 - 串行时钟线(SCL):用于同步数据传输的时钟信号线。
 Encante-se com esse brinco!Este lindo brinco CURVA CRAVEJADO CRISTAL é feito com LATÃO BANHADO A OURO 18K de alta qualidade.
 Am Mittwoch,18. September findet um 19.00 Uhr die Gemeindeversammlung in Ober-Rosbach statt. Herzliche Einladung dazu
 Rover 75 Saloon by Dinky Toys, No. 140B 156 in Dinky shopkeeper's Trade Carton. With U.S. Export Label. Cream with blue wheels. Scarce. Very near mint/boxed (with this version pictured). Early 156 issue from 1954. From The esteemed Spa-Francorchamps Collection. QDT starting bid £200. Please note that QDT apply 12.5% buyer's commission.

========

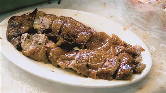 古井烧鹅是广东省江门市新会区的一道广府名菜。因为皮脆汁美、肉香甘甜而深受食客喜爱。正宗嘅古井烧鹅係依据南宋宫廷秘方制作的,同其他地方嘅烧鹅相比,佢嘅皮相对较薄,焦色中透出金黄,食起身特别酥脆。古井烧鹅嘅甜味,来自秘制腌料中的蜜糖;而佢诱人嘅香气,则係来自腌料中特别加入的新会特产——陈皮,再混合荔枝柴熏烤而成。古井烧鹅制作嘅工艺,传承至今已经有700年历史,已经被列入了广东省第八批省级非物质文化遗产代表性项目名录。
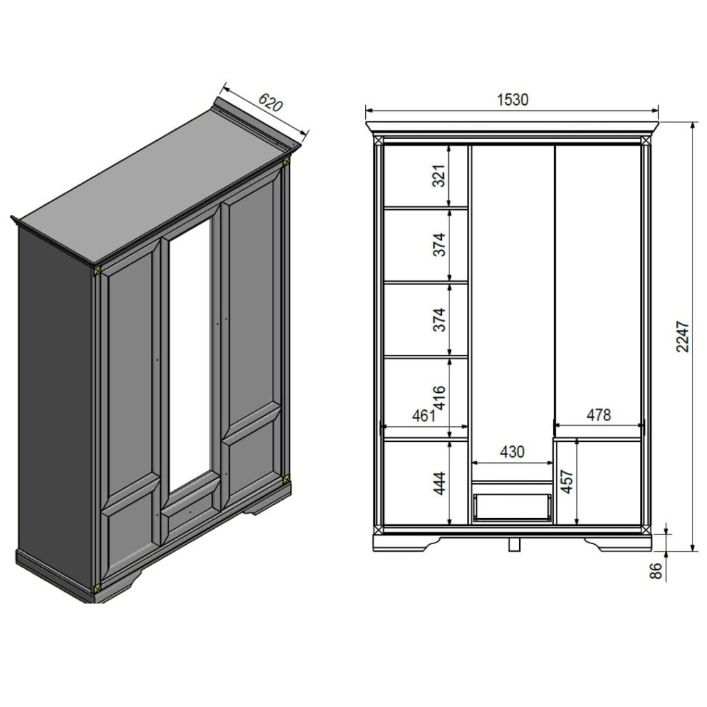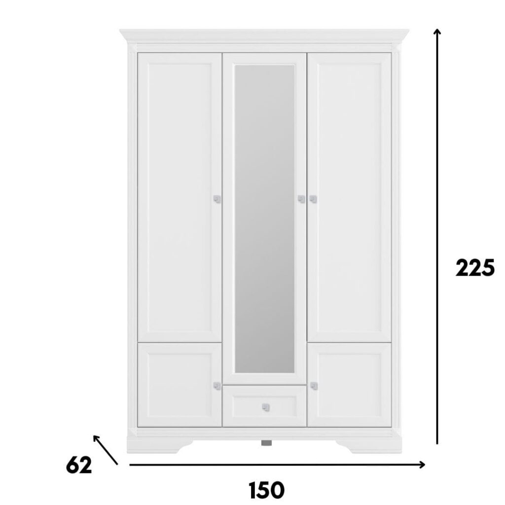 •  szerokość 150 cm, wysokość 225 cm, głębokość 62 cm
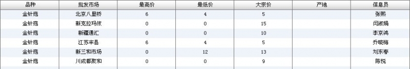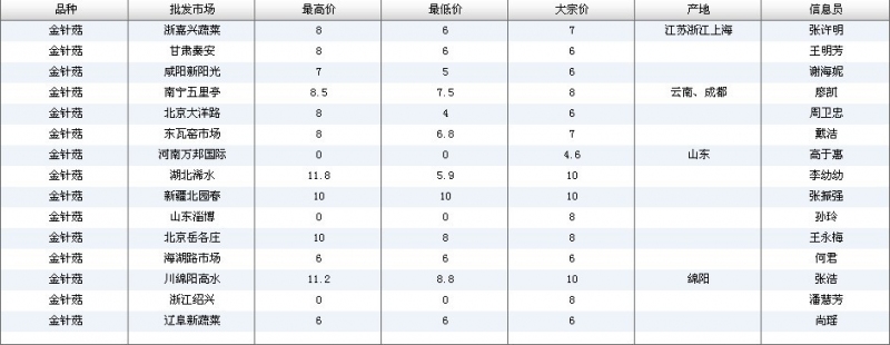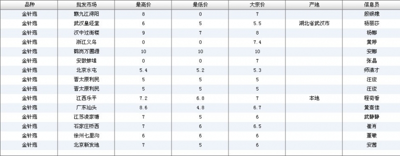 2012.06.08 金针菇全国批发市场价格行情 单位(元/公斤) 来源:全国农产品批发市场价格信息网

========

**Instructions to follow**.
Print again the lines of the entries above that fall between the line holding "Encante-se com esse" and the line holding "Am Mittwoch,18. September", inclusive, exactly as they stand.

**Exercise result**.
 Encante-se com esse brinco!Este lindo brinco CURVA CRAVEJADO CRISTAL é feito com LATÃO BANHADO A OURO 18K de alta qualidade.
 Am Mittwoch,18. September findet um 19.00 Uhr die Gemeindeversammlung in Ober-Rosbach statt. Herzliche Einladung dazu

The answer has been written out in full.